▸ **Exercise prompt**:
Below are the entries; count how many lines contain the word "green" and reply with that number alone.

--- Data under study Enclosed Below ---

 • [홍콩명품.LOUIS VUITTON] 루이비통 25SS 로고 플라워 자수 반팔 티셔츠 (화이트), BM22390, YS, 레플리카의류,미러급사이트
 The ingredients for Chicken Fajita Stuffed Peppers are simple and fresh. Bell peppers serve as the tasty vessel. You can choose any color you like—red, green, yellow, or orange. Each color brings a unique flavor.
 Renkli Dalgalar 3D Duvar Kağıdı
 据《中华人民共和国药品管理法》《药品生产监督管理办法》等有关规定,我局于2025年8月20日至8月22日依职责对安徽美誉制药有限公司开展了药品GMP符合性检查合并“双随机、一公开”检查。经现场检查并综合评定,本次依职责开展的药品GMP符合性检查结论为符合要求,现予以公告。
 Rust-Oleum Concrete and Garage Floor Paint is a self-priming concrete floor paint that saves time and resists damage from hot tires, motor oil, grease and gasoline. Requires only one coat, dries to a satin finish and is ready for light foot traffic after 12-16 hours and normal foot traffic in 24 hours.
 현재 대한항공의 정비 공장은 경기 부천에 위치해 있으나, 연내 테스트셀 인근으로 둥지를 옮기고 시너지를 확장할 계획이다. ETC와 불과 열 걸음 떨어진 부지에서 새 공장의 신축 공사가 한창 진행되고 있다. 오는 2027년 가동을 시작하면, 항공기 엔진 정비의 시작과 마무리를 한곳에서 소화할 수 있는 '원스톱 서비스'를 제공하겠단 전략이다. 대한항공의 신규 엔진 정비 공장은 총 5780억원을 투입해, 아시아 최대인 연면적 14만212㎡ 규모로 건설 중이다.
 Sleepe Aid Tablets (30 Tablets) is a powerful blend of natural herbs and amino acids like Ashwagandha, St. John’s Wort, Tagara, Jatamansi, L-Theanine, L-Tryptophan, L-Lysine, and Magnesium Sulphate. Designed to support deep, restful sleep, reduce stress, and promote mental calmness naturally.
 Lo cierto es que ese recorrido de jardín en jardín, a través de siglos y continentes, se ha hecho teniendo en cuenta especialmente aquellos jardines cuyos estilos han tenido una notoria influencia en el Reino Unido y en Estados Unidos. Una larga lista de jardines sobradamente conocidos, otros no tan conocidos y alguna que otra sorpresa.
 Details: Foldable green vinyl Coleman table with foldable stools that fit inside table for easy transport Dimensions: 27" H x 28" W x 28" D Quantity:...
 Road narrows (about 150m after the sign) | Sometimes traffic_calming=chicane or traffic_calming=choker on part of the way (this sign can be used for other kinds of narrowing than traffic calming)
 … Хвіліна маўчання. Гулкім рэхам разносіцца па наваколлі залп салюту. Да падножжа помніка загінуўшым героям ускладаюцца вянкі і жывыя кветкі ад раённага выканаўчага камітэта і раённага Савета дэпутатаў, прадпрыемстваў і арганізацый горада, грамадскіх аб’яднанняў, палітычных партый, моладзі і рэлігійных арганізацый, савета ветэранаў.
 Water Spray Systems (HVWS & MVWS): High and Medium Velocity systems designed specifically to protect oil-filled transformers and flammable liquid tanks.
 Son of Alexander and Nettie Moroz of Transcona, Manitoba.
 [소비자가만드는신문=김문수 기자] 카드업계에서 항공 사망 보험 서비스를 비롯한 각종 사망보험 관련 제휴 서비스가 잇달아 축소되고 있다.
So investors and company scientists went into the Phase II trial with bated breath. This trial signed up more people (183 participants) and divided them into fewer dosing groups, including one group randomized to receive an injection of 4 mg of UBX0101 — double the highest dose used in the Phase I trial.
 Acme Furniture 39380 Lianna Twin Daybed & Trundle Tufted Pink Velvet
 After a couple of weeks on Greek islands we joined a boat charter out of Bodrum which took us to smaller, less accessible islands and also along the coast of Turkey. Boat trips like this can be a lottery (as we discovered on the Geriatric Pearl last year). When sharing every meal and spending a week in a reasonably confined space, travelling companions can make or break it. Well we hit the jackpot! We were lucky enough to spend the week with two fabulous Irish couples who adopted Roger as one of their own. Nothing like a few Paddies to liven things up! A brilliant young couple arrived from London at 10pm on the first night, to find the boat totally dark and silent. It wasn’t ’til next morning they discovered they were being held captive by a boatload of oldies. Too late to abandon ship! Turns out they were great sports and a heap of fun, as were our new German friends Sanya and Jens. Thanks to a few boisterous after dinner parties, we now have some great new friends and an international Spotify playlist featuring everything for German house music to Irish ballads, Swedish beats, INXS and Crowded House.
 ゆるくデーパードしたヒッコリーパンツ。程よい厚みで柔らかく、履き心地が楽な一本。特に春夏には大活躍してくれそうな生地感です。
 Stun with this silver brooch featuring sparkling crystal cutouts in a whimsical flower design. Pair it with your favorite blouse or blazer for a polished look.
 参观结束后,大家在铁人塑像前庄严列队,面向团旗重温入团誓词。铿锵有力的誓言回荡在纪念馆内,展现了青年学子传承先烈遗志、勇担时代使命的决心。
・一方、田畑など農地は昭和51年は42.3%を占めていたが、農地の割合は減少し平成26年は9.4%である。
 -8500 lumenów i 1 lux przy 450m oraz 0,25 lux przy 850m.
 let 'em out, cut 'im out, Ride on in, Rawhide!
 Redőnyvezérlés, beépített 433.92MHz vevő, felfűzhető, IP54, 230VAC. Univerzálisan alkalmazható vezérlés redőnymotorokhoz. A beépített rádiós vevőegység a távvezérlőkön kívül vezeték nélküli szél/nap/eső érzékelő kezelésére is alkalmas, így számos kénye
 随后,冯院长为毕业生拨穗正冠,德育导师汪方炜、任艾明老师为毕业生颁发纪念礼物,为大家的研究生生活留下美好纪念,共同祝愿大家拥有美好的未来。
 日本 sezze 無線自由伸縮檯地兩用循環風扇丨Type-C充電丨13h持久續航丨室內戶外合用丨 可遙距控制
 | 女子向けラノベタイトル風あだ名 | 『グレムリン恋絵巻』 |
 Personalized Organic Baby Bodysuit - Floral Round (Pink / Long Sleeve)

--- End of Enclosed Data under study ---

▸ **Your response**:
2